Skip to content

How to extract data from tables

Niels Lohmann edited this page Apr 18, 2017 · 15 revisions

In this wiki I will document how to detect tablets and extract information from them. I’m writing this on the go, as I try to figure it out. By the way, my case study is a scanned PDF with OCR.

First we need to understand the structure of pdfminer. The module is split amongst several classes, as seen here:

By using the function pdfminer.pdfinterp.process_pdf, we forget about PDFParser, PDFDocument and PDFInterpreter, and care only about PDFResourceManager and PDFDevice (rant: why can’t this function also wrap the resource manager!?!?!). Now, the key modules should be PDFDevice and Layout.

  • PDFDevice: Contains the classes that will DO STUFF with the PDF after it has been interpreted. For instance, you could implement your own version of Adobe Reader (draw text and figures to the screen), or just dump all the text into a TXT file, etc. We want to extend this module to be able to manage tables.
  • Layout: It tries to make sense out of the PDF, to infer a structure by grouping letters that are close from each other. We would like to extend this module to be able to properly detect tables (and rows, columns, headers and titles).
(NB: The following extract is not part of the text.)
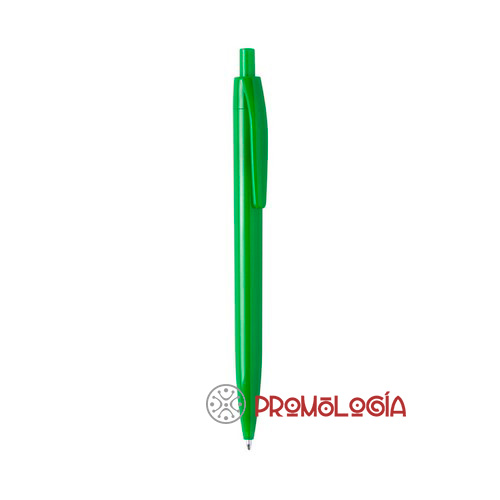 Sencillo bolígrafo promocional de plástico, con apertura por pulsador y clip, disponible en 8 colores. Dimensiones: 13,8 cm | Ø 1 cm. Peso 7 grs. La impresión se realiza en tampografía.
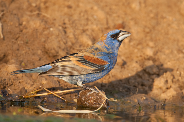 | The next 3 shots show male Blue Grosbeaks in several different stages of spring moult. These birds were coming to a water hole to drink on a hot April, 2009, afternoon, in Starr Co., Texas. These images were taken with a Canon EOS 1D Mark III and an EF 800mm F/5.6 L IS lens and 1.4X extender. |

However, the code is quite intricate so we may are better off staying away from it.

Warmup: Extract all text from the first two pages

We can do this with very little code:

from pdfminer.pdfinterp import PDFResourceManager, process_pdf
from pdfminer.converter import TextConverter

fp = open('Example.pdf', 'rb')
outfp = open('Example.txt', 'wb')
rsrc = PDFResourceManager()
device =TextConverter(rsrc, outfp)

process_pdf(rsrc, device, fp, maxpages=2)

fp.close()
outfp.close()

What went wrong?

There is a bug in TextConverter (actually in pdfminer.converter.PDFPageAggregator.__init__), which forgets to set the default layout parameters, in case they were not provided. To bypass this bug, let’s tweak our script by passing the default layout to TextConverter.
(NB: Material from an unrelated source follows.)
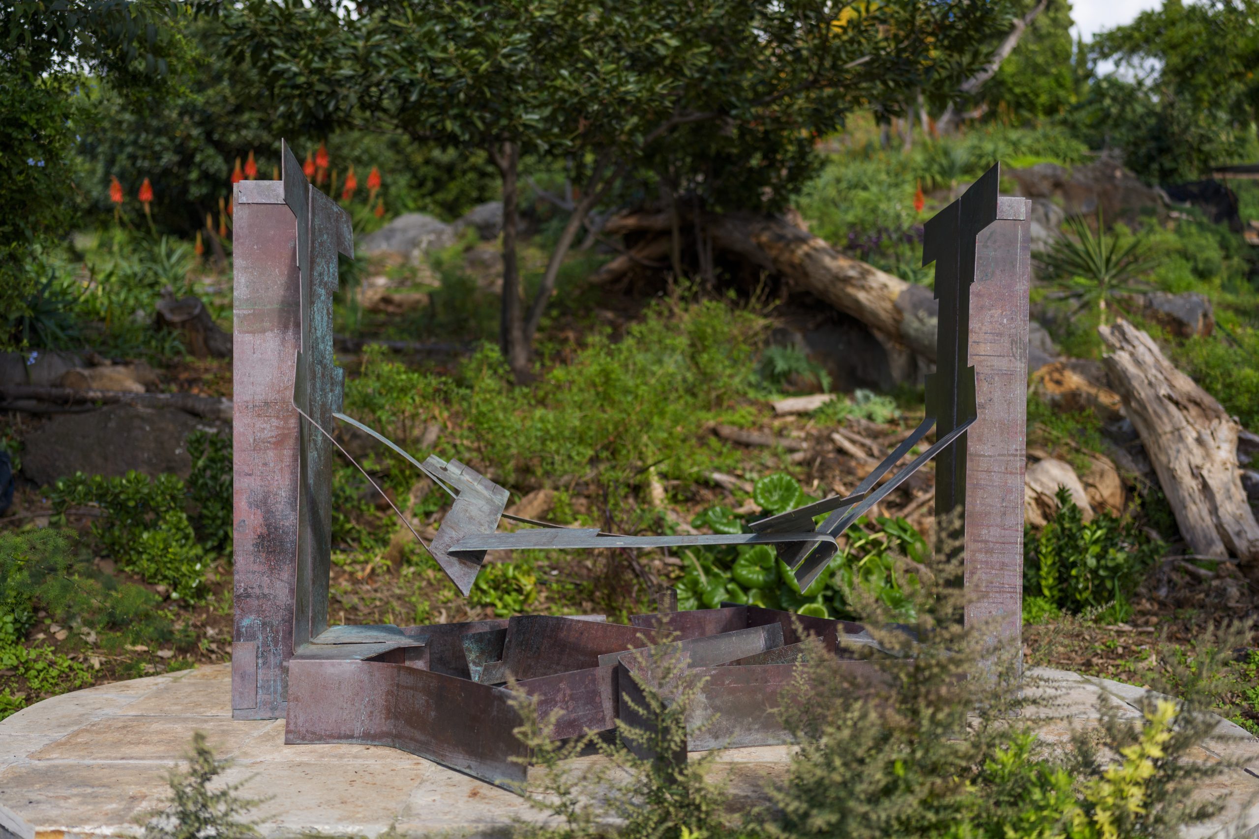 A parte inferior do jardim foi baptizada ‘Austrália’ por Theo Welsh, avó do proprietário, não apenas por estar localizada nos ‘confins’ da propriedade, mas também porque ela introduziu muitas plantas de sua terra natal, a Nova Zelândia, e da Austrália. Esta área foi totalmente devastada pelo incêndio de 2016, que atingiu o centro do Funchal. Apenas uma falange de estrelícias e o eucalipto gigante com aroma de limão resistiram praticamente ilesos. A área foi replantada num estilo mais natural e rebaptizada bosques de Te Whiti, em homenagem ao ativista Maori que foi pioneiro em técnicas de resistência não-violenta. A oeste, encontramos jovens Podocarpus Totora da Nova Zelândia, um cedro-do-atlântico, uma Schotia e diferentes Magnólias, bem como duas amoreiras que facilmente superaram todas as suas rivais. No lado oposto, fetos arbóreos endêmicos prosperam na sombra e os dragoeiros estão retornando. No final do caminho que desce da Janela de Colombo, chegamos ao Monumento de Simulanbuco – Estátua da Autodeterminação, da autoria do escultor madeirense Silvio Cró. Daqui, pode-se avistar o pomar de romãzeiras, abacateiros e caquis à sua esquerda, enquanto pela frente estende-se uma plantação de helicónias e proteias, com, claro, a cidade e o porto ao fundo.

from pdfminer.pdfinterp import PDFResourceManager, process_pdf
from pdfminer.converter import TextConverter
from pdfminer.layout import LAParams                            # ++

fp = open('Example.pdf', 'rb')
outfp = open('Example.txt', 'wb')
rsrc = PDFResourceManager()
laparams = LAParams()                                           # ++
device =TextConverter(rsrc, outfp, laparams=laparams)           # ++

process_pdf(rsrc, device, fp, maxpages=2)

fp.close()
outfp.close()

Voilà! It works…

Miscellanea

We see CTM everywhere.. it’s the “current transformation matrix”, a 2×3 matrix where the 2×2 leftmost side is a “Transformation matrix” and the 2×1 rightmost side is a translation across the xy plane.
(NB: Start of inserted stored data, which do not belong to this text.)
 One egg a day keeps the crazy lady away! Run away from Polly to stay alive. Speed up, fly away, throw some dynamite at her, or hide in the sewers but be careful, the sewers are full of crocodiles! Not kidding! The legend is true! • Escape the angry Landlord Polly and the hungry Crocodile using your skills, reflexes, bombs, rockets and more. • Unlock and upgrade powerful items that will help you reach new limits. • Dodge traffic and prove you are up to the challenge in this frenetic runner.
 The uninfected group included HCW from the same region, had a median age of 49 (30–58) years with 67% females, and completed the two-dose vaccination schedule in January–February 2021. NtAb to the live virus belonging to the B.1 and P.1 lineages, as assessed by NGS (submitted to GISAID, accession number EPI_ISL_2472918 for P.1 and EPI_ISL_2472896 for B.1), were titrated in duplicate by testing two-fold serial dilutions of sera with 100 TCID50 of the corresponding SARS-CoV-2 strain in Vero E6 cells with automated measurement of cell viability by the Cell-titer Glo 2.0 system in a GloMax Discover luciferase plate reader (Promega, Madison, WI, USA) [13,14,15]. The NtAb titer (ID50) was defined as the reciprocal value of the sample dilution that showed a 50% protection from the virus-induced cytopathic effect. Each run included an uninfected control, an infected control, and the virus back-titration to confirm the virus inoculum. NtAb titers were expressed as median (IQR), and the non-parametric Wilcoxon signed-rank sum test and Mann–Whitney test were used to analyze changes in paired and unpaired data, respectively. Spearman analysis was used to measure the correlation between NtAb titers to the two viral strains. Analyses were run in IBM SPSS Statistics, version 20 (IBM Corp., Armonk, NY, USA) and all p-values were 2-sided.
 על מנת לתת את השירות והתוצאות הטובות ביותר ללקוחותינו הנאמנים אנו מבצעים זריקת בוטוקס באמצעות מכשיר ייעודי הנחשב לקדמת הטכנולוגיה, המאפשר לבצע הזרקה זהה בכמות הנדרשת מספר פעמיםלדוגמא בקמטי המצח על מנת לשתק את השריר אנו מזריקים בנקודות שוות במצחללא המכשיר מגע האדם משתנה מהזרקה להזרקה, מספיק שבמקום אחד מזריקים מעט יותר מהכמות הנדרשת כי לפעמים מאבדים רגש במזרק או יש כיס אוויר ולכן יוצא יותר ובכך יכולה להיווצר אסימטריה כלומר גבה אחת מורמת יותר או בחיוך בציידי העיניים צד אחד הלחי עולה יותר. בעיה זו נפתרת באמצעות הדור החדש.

For text, we care about the render_string(self, textstate, seq) method of device. Textstate is an object with details about the text and seq is the text itself. We can use this to:

  • Get the true fontsize: textstate.fontsize * textstate.scaling
  • Get the location of the text (we also need to adjust for text written before it): textstate.matrix[-2:] gives a (x,y) based coordinate
  • Space between characters: textstate.charspace
  • Space between words: textstate.wordspace